The four countries of the pipeline have selected the Asian Development Bank to raise the necessary funds for TAPI, which have ballooned since the idea’s inception to over $9 billion. All the TAPI-affiliated countries are leaning towards US energy developers, like Texas-based ConocoPhillips and other US corporations like Chevron have expressed interest. The project’s estimated completion date is sometime in 2017-2018, but many think this is an overzealous projection.  Meanwhile, competition has increased for remaining reserves in Turkmenistan, the major players being Russia, the US, India, China, and to a lesser extent, Iran.

NEWS BRIEFS:

  • Iranian foreign minister Javad Zarif and EU Foreign Policy Minister Catherine Ashton will meet today in Vienna, commencing the so-called P5+1 talks on Iranian nuclear facilities and economic sanctions. Diplomats from China, Russia, France, Germany, and the US will be present to discuss the extension of the lifeline thrown to the regime late last year in the form of easing restrictions on imports. The Vienna Negotiations will have three foci: the first and most obvious being the allowable level of uranium enrichment, the second is the future of the specific reactor at Arak, and the third a more nebulous “possible military dimensions.” It is expected that in the absence of total acquiescence to Western demands of dismantling the nuclear program that the push of the negotiations will be towards reconfiguration of the Arak reactor to a light-water design, which will produce far less material capable of being refined into plutonium. Stay tuned for developments over the next few days.

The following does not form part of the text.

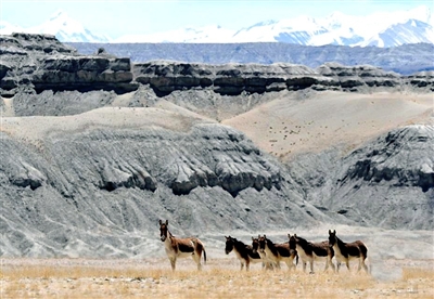 近日,在西藏阿里地区札达县的藏野驴在漫步。藏野驴为国家一级重点保护动物、青藏高原特有物种。

  • On Friday, a group of purported religious extremists attacked police in China’s Xinjiang province, home to the Muslim Uighurs separatists against Chinese rule, resulting in 12 casualties. The attackers were armed with explosives and machetes, according to police statements. This comes soon after a January 24 attack on a police station in Xinhe caused the death of several other police officers and reveals a worrying trend that violence has increased by a significant margin in Xinjiang since 2011. In 2012 there were some 190 recorded terrorist attacks.
  • Kazakhstan has issued a statement on its relationship to Russia within the nascent Customs Union (CU), a Russian-engineered economic zone that hopes to promote trade and development – a Eurasian answer to the European Union, if you will. Integration with Russia’s economy has so far not gone very well, but Russia’s announcement of giving more political functions to the CU caused some pushback from Kazakh president Nursultan Nazarbayev, who declared that the Eurasian Economic Union was in no way an attempt to revive the collapsed USSR.